Keep it aligned with Backboard's live /api/models/provider/{provider} data
with the sync script (requires BACKBOARD_API_KEY in .env or the env):
.venv/bin/python scripts/diff-backboard-models.py # --check (default), exit 1 on drift
.venv/bin/python scripts/diff-backboard-models.py --write # rewrite librechat.yaml from live data--write rebuilds endpoints.custom[].models.default, modelPricing, and
prunes stale entries from selectorTiers. Curated keys (name, apiKey,
baseURL, titleConvo, titleModel, modelDisplayLabel) are preserved.
Restart the API to pick up the change — the config is cached at startup.

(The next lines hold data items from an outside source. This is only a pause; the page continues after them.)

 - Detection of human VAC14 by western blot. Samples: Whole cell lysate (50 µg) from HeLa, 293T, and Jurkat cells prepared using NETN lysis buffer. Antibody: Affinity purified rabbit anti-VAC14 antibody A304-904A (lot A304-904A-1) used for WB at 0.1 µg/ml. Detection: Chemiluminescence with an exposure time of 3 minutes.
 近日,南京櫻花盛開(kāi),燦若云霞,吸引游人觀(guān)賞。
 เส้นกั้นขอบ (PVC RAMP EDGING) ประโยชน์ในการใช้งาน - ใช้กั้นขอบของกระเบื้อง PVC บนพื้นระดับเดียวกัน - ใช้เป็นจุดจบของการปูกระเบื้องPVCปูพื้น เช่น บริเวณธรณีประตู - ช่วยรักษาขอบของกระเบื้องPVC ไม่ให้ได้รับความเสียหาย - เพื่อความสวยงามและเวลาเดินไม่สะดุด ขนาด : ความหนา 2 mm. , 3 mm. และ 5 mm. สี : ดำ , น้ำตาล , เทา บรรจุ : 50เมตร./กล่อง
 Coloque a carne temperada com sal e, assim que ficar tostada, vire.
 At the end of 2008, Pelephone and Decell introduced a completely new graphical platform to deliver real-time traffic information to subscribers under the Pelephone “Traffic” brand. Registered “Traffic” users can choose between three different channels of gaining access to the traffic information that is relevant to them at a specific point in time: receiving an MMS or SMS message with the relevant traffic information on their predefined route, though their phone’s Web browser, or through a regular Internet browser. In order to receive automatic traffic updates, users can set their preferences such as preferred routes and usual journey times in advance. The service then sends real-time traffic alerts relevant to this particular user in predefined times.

- docs/byok-flow.md — BYOK encryption + DynamoDB session flow
- docs/mcp-google-workspace-setup.md — Optional Google Workspace MCP tools
Production builds use a multi-stage Docker image — Node builds the frontend, then Python serves everything via Gunicorn.

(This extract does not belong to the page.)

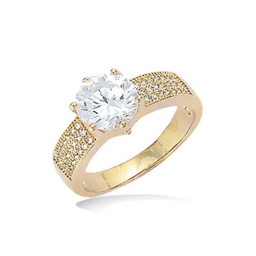 Bague solitaire en plaqué or ornée d'un oxydes de zirconium central serti griffes. La monture présente un pavage sophistiqué d'oxydes, offrant un éclat remarquable.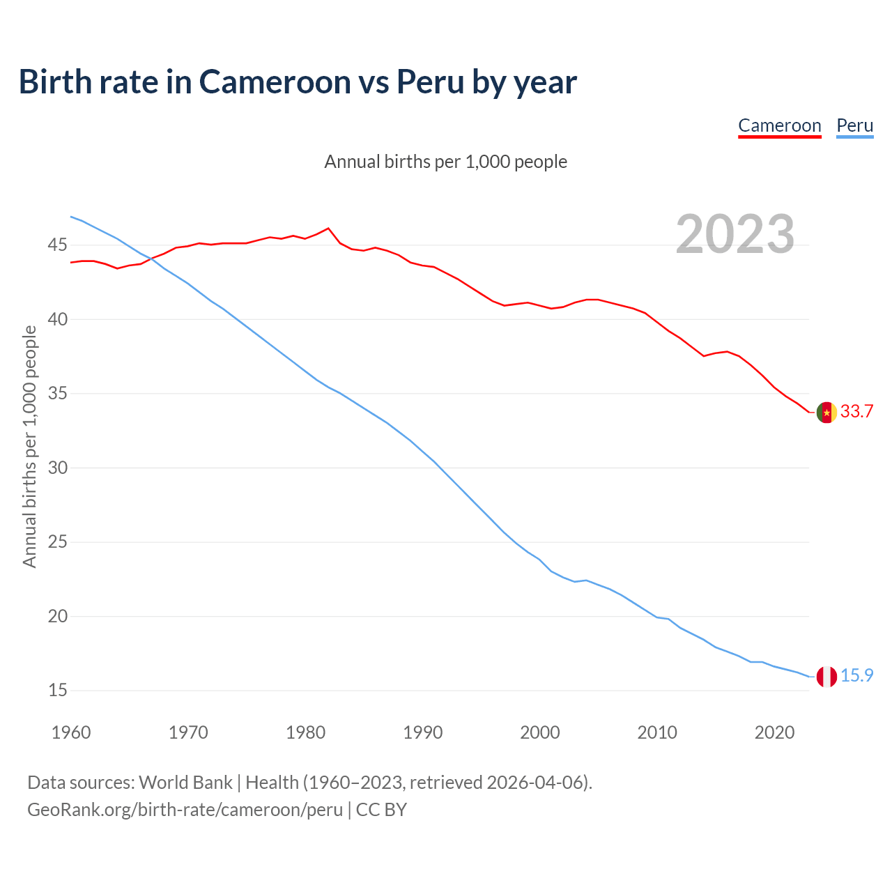 GeoRank.org/birth-rate/cameroon/peru | CC BY

docker build -t nash:latest .
docker run --rm -p 3080:3080 --env-file .env nash:latestFor a local end-to-end stack (app + DynamoDB) use the included compose file:
docker compose up --buildThe container exposes port 3080 and reads its configuration from environment
variables — see .env.example for the full list. Secrets (ENCRYPTION_KEY,
FLASK_SECRET_KEY) should be supplied by your platform's secret manager
rather than baked into the image.
Nash itself has no preferred hosting target; any platform that can run a Linux container with environment variables and outbound internet to Backboard works (Fly.io, Render, Railway, ECS, App Runner, Cloud Run, Kubernetes, a single VM with Docker, etc.).
Nash is released under the MIT License.
The frontend (client/) and several shared packages under packages/ are
derived from LibreChat (also MIT).
See NOTICE for full attribution.
Issues and pull requests are welcome — please read CONTRIBUTING.md first. To report a security vulnerability, follow the process in SECURITY.md rather than opening a public issue.